Violet is tempted to take the ultimate step to set herself free and seek a life of her own conviction with a man whose cause is as audacious as her own. ... Violet's story of determination and desire unfolds, shedding light on the darkness of her years abroad...and teaching Vivian to reach forward with grace for the ambitious future - and the love - she wants most. (The Secret Life of Violet Grant by Beatriz Williams.)

These stories are all framed by a particular worldview. The goal of life is to gain self-fulfillment in the form of romantic love. As Nietzsche understood, in our modern world, God is dead (i.e. irrelevant). This leaves man as the only standard of moral value. Since we can no longer expect to find fulfillment in a relationship with God, the alternative is to find fulfillment in the self.

Romance novels, like much of what comes out mass media, takes this concept and gives it a populist twist. The average person cannot plausibly expect to be able to come into themselves by becoming a great artist, writer, or philosopher. That being said, the average person can imagine having sex with someone and that this will lead to a relationship that will lead to them feeling fulfilled. The fact that the sex may violate traditional communal norms, rooted in religion, helps make the sex an act of self-fulfillment. The protagonist is able to choose themselves over the demands of society, demonstrating that their personal happiness is more important than following the expectations of the community.
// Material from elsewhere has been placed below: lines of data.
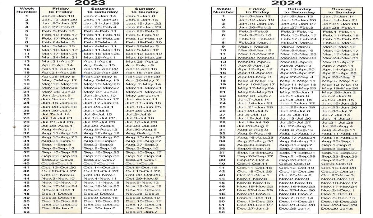 Click this page to verify on the year and see the calendar weeks , Saturday to Saturday and Sunday to Sunday check-in dates.
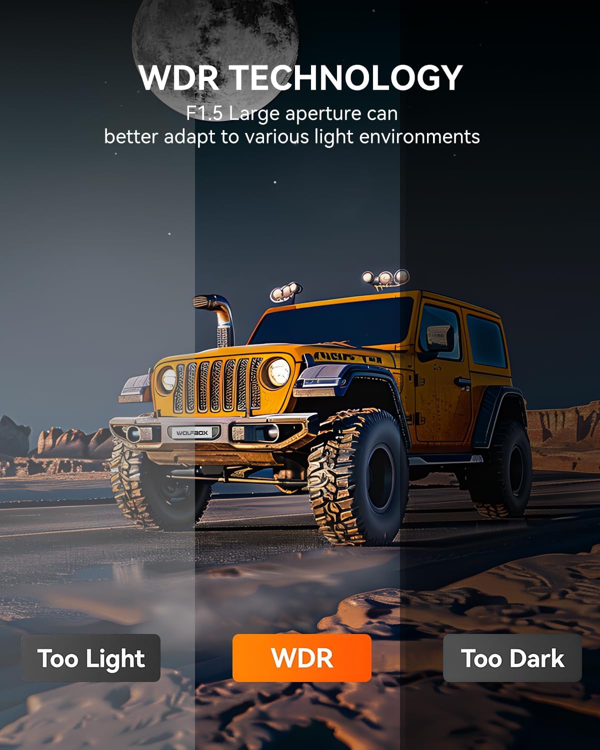 - Unique WDR+F1.5 Large Aperture - Customers who use other rearview mirrors" hope that the rear camera has better clarity and night vision". WOLFBOX has specially developed a 2.5K UHD rear camera equipped with WDR technology. Thanks to the excellent F1.5 large aperture, it can better adapt to various light environments and realize the starlight night vision effect of front and rear dual perspectives. Get crystal-clear picture quality, whether day and night or through tunnels.
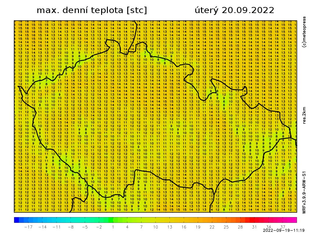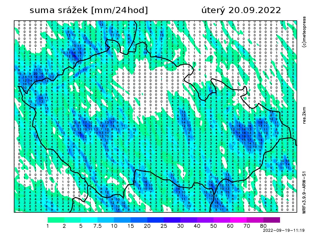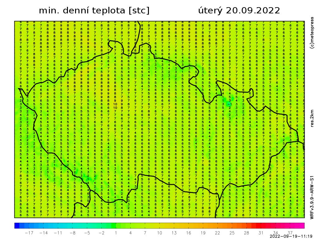 Bude tak zataženo až oblačno, na většině území s deštěm a přeháňkami. Ty budou pouze v nejvyšších polohách nad 1400 m n. m. v Krkonoších a v Jeseníkách smíšené nebo sněhové.
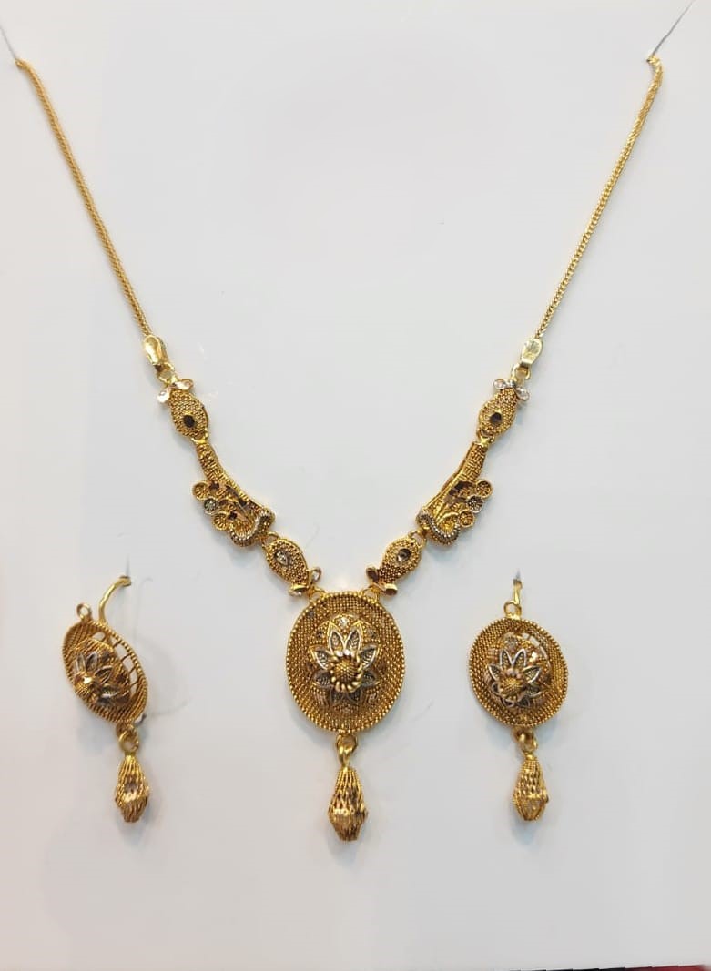 Make a grand entrance at any event with the dazzling 21ct gold Soiree necklace and earring set. Crafted from pure 21ct gold, this set exudes opulence and sophistication. The rich luster of the gold and the exquisite design will ensure you turn heads wherever you go.
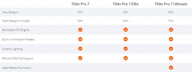Stvorite impresivne 3D titlove s maksimalnom lakoćom. Sada možete obogatiti svoje džinglove rotiranjem teksta i objekata duž X, Y i Z osi, kao i dodavanjem efekata zaobljenim rubovima i povlačenjem profila, podešavanjem osvjetljenja ili efekata slojeva. Ultimate verzija također uključuje modul za uvoz projekata iz aplikacije za kompozitiranje After Effects i omogućuje da se neki parametri kompozicije nastave uređivati u Titler Pro plug-in okruženju!
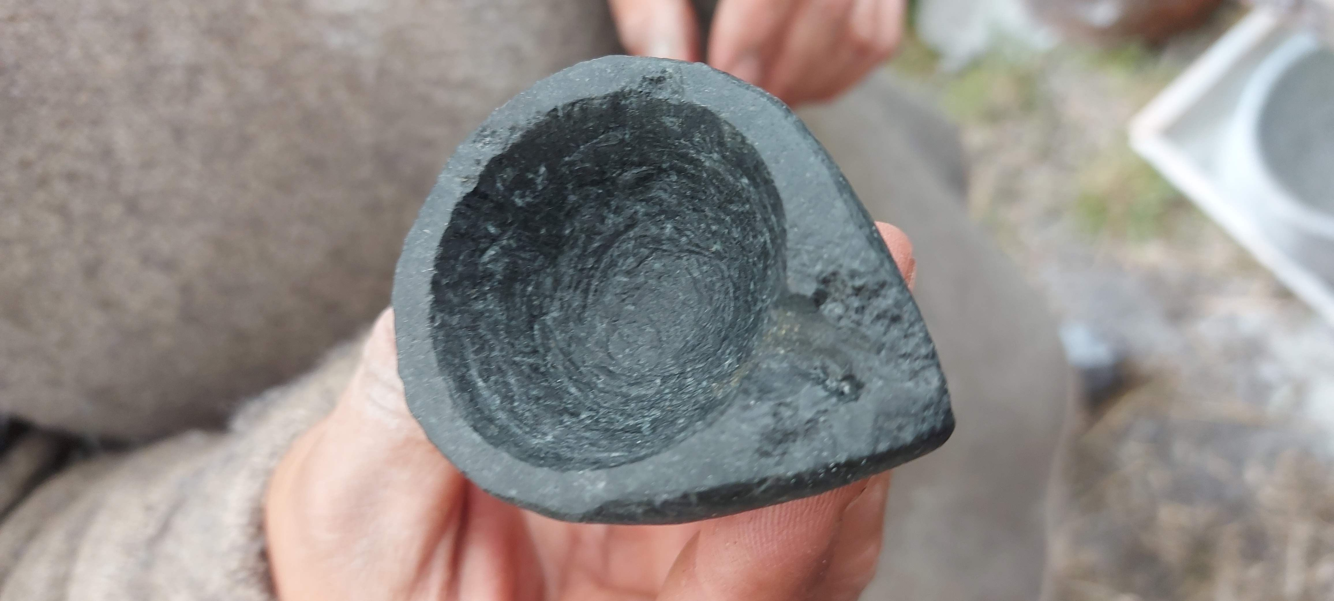 Drift did deliver the box of large soapstone pieces and the large soapstone bowl full of small soapstone pieces on time, and Ole-Andreas found me the bowl full of knives and the laminated printouts Elisabeth had made from the pdf of small soapstone artefact photos I had prepared.
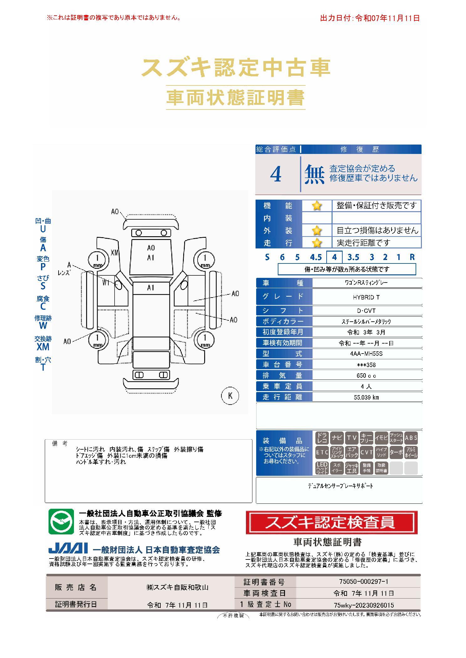 | 車両状態評価書 | ※クリックすると開きます![]() |
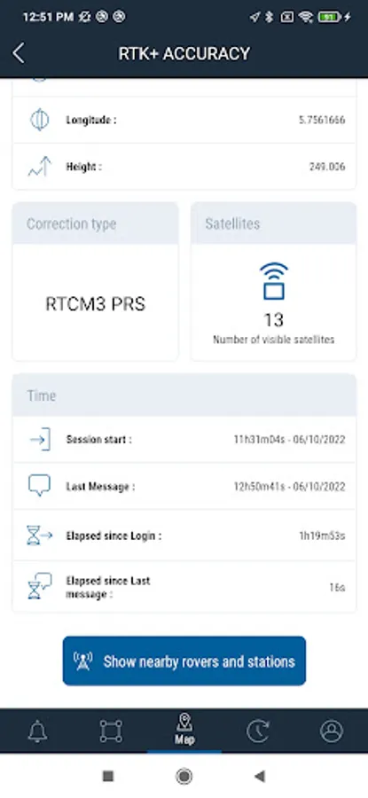 Dedicated to the RAVEN owners, this App allows to check the status of all reference stations worldwide. In addition, it allows to check the status of each rover. By clicking on a rover, a detailed window pops-up displaying lot of information of the rover. This helps the user of the App to see the status of the rover, the number of satellites used, how long it has been connected...
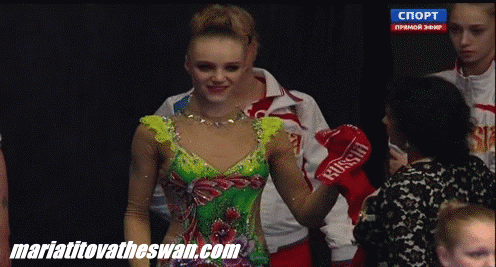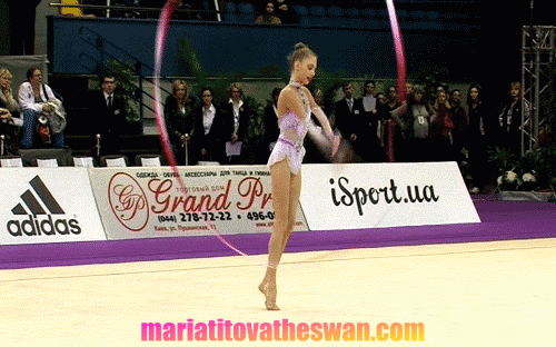 Another GIF, I love Masha’s ribbon ending pose in Happy Caravan Tashkent 2012, junior team competition, extract from Marc’s video I bought. I found Masha having good reaction of ending, she did well too in WC Kiev 2012.
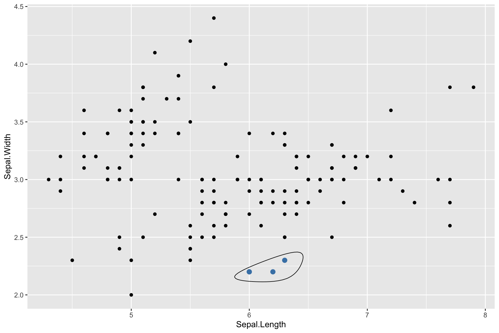 geom_encircle(data = subset(iris, Sepal.Width < 2.5 & Sepal.Length > 5.5), s_shape = 0) + # encircle points
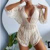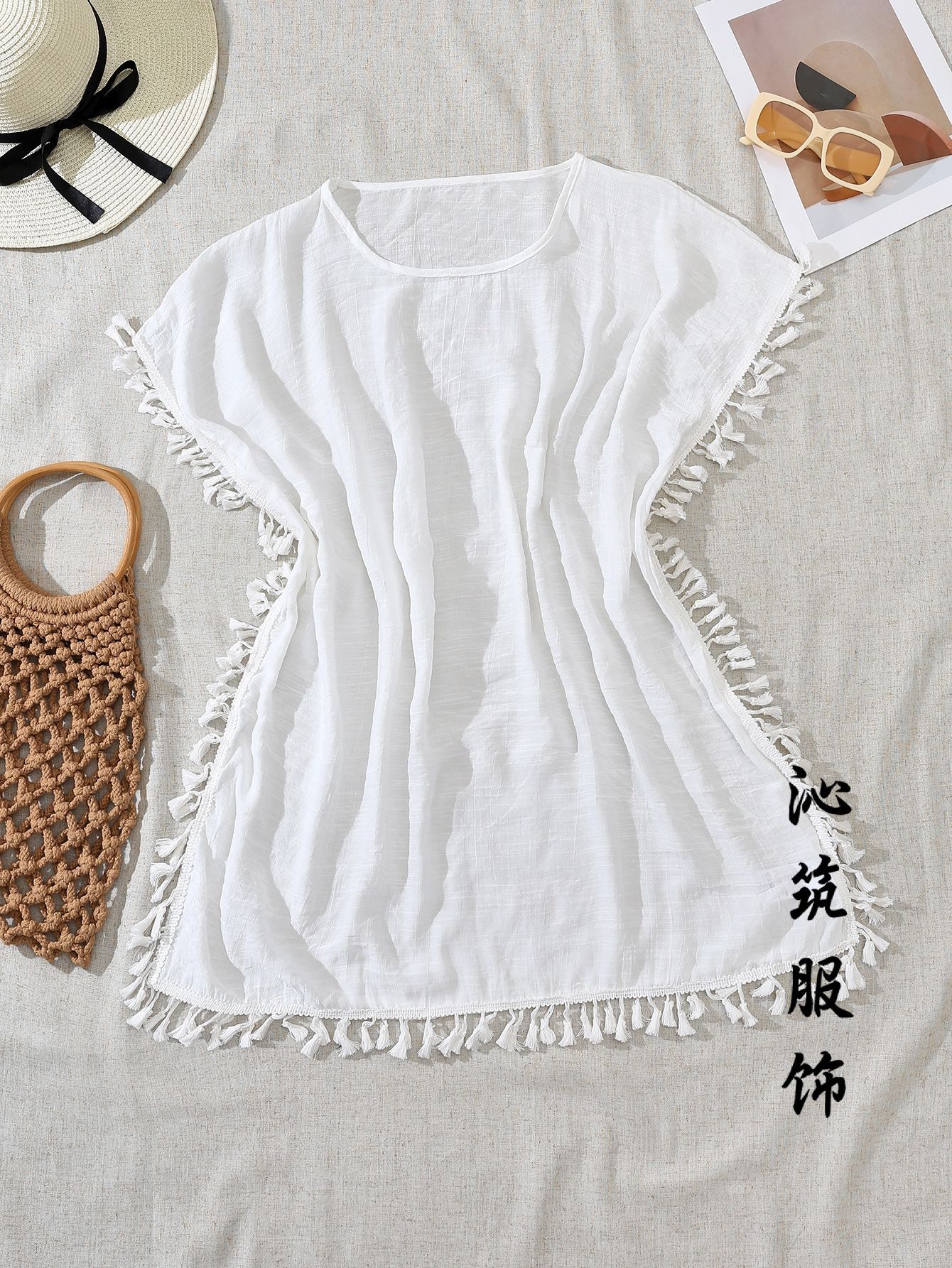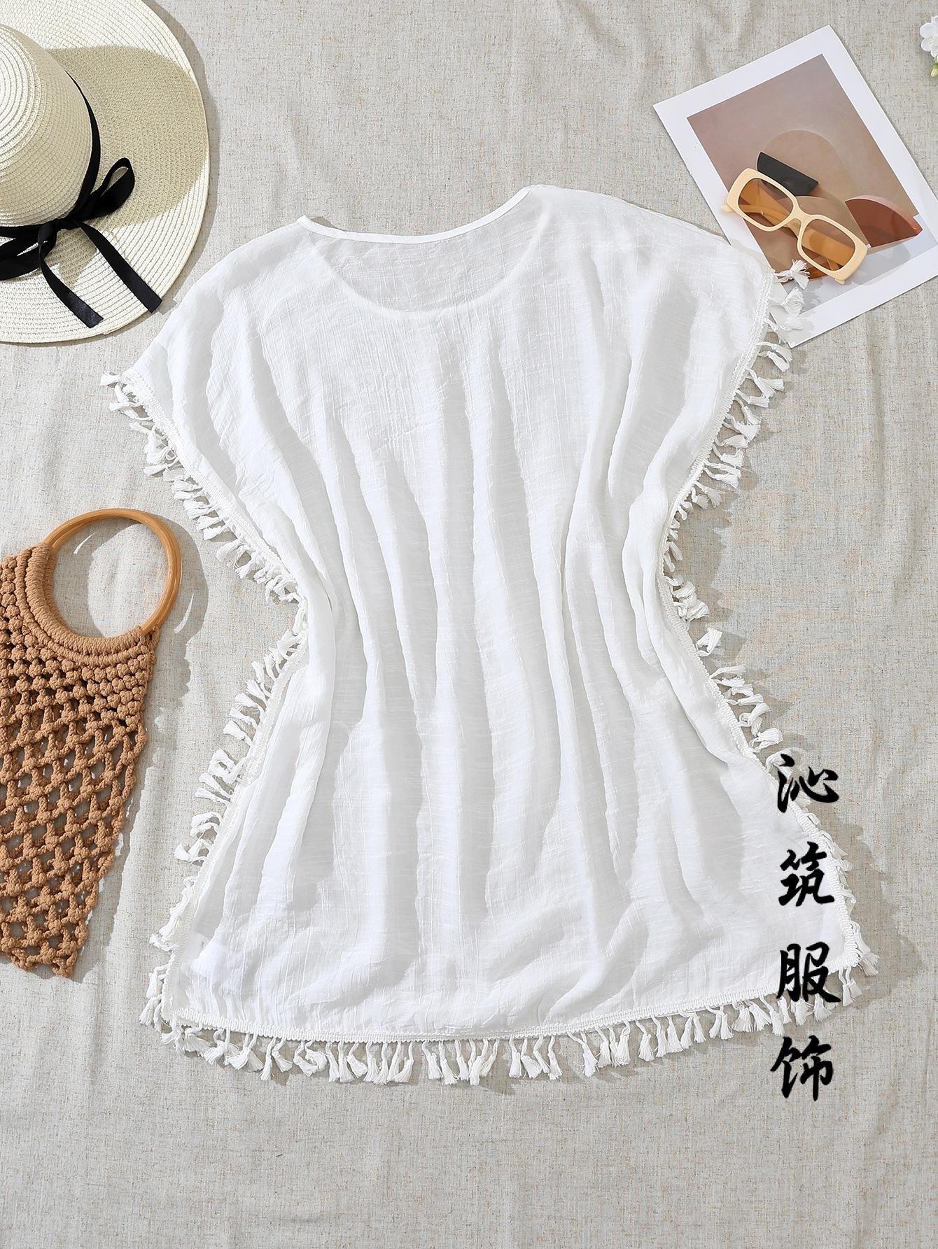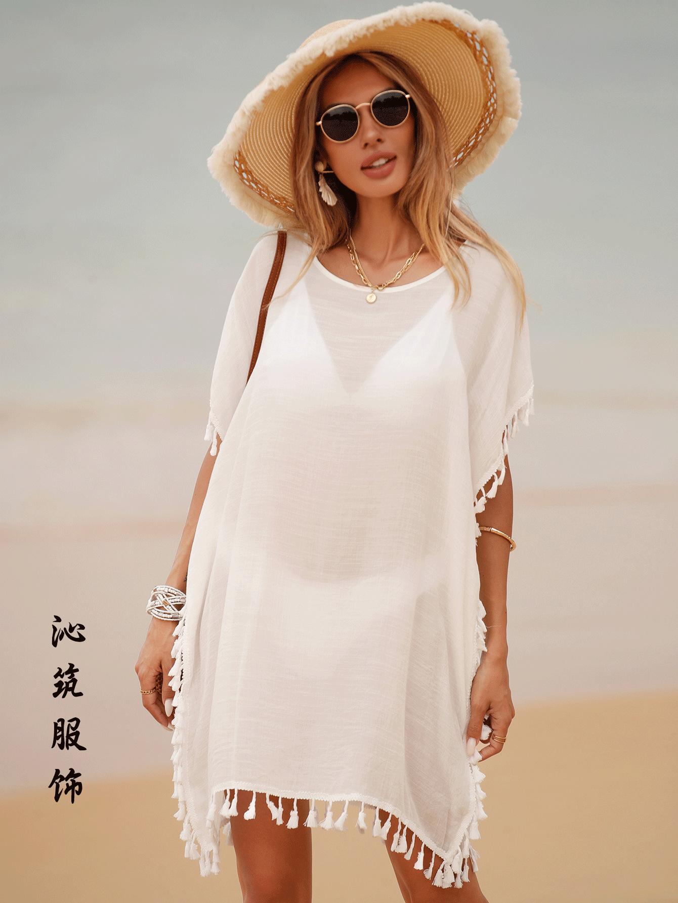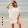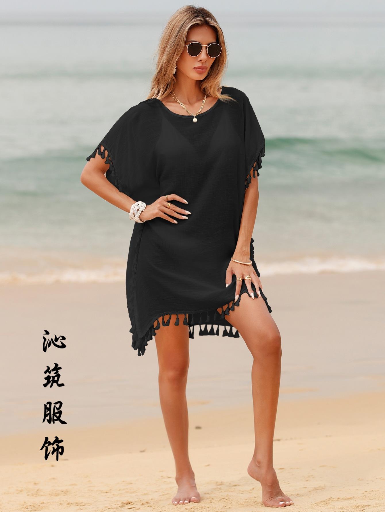 Nuevo Encubrimiento Europeo y Americano de Amazon Vacaciones de Playa Bikini Sexy Camisa de Protección Solar Encubrimiento de Malla con Borlas Negro Falda
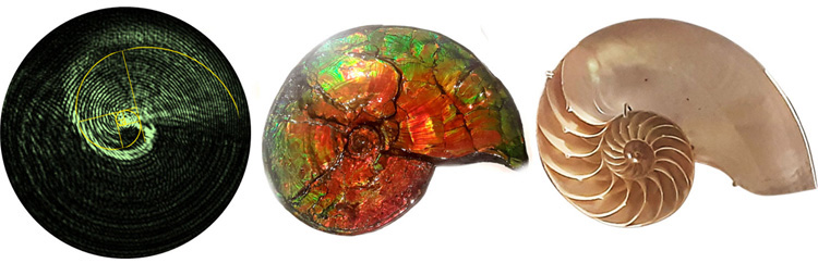 The logarithmic spiral produced by optical rotatum follows a pattern often found in nature, including nautilus shells. [Image: Capasso Lab / Harvard SEAS]
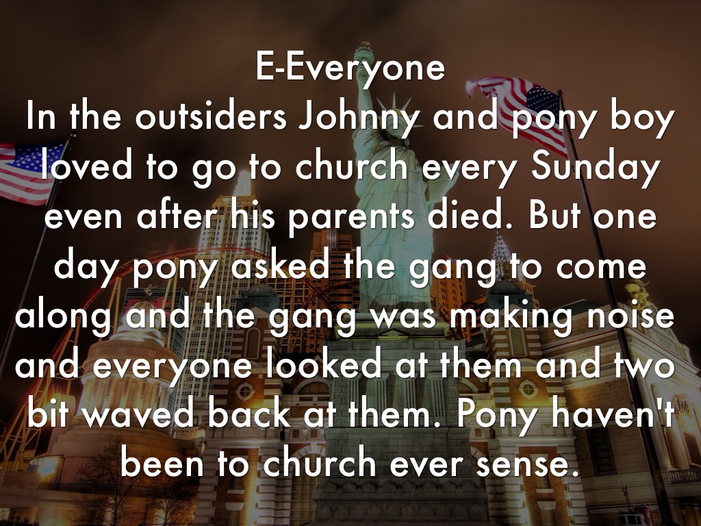 E-Everyone In the outsiders Johnny and pony boy loved to go to church every Sunday even after his parents died. But one day pony asked the gang to come along and the gang was making noise and everyone looked at them and two bit waved back at them. Pony haven't been to church ever sense.
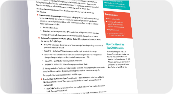 OVERVIEW Affordable Care Act aka Healthcare Reform We create phenomenal experiences for our guests by bringing the biggest and best parts of ourselves to work. We are committed to help you in your journey to stay strong and inspired and to live well All of CPK’s medical plans meet the being you. So what does living well mean? Well, that’s the thing – it’s totally up to you! What keeps Affordable Care Act (like the minimum you inspired, healthy and whole? What gets you in the California state of mind? Sometimes, it’s value and minimum essential coverage). finding inspiration that fuels your passion. And sometimes, it’s paying close attention to your medical, financial and emotional wellness that ensures you meet your needs for the year ahead. Our plans offer service options and that will make sure you’re at your best in all areas of your Preventive Care life, including: l Preventive care at no cost to you – It’s important to keep up with your health now so you hit fewer l Routine wellness checks bumps down the road. Why not see your doctor when you feel well, get your immunizations and l Screenings, such as body mass screenings, and catch potential problems early? Preventive care is offered through our Aetna and index (BMI), vaccinations, and Kaiser providers and includes: high blood pressure screenings Ÿ Routine wellness checks l Weight management Ÿ Screenings, such as body mass index (BMI), vaccinations, and high blood pressure screenings See pages 8-9 for details about preventive care benefits available through Aetna and Kaiser. See pages 8-9 for details about preventive care benefits available through Aetna and Kaiser. l A choice of many types of health plan options – No two CPK employees are the same, so choose the coverage that’s right for you: Open Enrollment for Ÿ Aetna PPO – choose any doctors in or out of the network – just know the plan always covers more of Your 2022 Benefits your cost if you stay in-network. Ÿ Aetna EPO – similar to a PPO plan however you need to stay in the network for coverage. After reading through all of that, we Ÿ Aetna CDHP – this consumer driven health plan has the lowest premiums of all of our plans and hope you’re excited about choosing your gives you the opportunity to contribute to a health savings account (HSA). benefits! Open Enrollment starts on Ÿ Kaiser HMO – an HMO plan that’s only available in California November 8 and ends November 22, 2021. Ÿ HMSA PPO & HMSA HMO & Kaiser – for employees who live in Hawaii Make sure to get answers to any questions you have and get ready to enroll for the All Aetna plans include Teladoc and Kaiser includes Telehealth. These programs gives you access to benefits that are just right for you. networks of board-certified physicians, either by phone or online. Learn more on page 14. See pages 8-10 to learn more about what’s available to you. l Plans that help you take care of your financial health – This is an important part of your well-being. Want to save for your future? These plans add a lot of value and make it convenient to save for what’s ahead: Ÿ The 401(k) Plan lets you save pre-tax from your paycheck and choose from a variety of investment funds. See page 17 for more info. Ÿ Health Savings Accounts (HSAs) lets you save pre-tax for your health care expenses – for now or for later. You can only use this account with a with a High Deductible Plan (CDHP). See page 8 for details. l A Program that helps you through any life challenge including: mental and emotional health, financial issues, relationships, legal matters and more – Don’t overlook this important component of your total well-being. Ÿ Employee Assistance Program (EAP) helps you deal with all kinds of life issues. Because sometimes life gets bumpy. There are lots of tools and resources to use – even a phone line that’s available 24/7. See page 6. 3
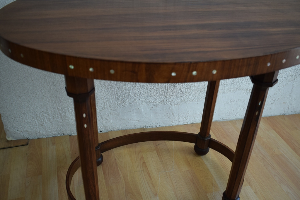 Petit guéridon ovale Art Déco en palissandre et incrustation de nacre

At the beginning of the story, the protagonist should be someone living under comfortable circumstances but lacking romantic self-fulfillment. This serves to demonstrate the all-importance of love. You can have everything but your life will still be worthless if you do not have romance. If the protagonist does find themselves in a difficult situation at the beginning of the novel that difficulty should clearly arise out of the fact that they were already living without romantic love. For example, the housewife finding out that her husband has been cheating on her and is going to divorce her, leaving her with nothing, has an economic problem that is really a romance problem.

Our protagonist, having lived their lives by the rules of society and now coming to recognize that this has not worked out for them as well as they might have hoped, is suddenly confronted with someone who presents some sort of challenge in the real world that should reflect the raw sexual desire they awaken in the protagonist. After an obligatory round of saying no (the equivalent of the Campbell hero initially turning down the quest), the sex should happen, leading to a heightening of the conflict, which will clearly be resolved by the protagonist deciding that choosing to "follow their heart" is more important than anything else in the world. At this point, the problem will melt away and a happy ending is to be presumed.

As a work of religious fiction, a romance novel will contain some form of theodicy where the believer confronts some challenge to their faith which they must overcome to emerge as stronger believers. For example, a person prays really hard that God should cure his mother's cancer and it does not work; how could God let this happen? The believer will eventually learn that God had a plan for him all along, allowing him to develop a deeper relationship with God as something more than a genie who grants wishes.

In romance novel theodicy, the protagonist will have been burned before in romance, a teenage romance the did not work out or a divorce. After given up hope of true love, an opportunity comes their way, if they are "bold" enough to "believe" once more and take it. As with conventional religion, the believer has been given real evidence that their faith does not work, yet they are supposed to believe anyway. It takes a truly genuine faith to ignore evidence and believe anyway.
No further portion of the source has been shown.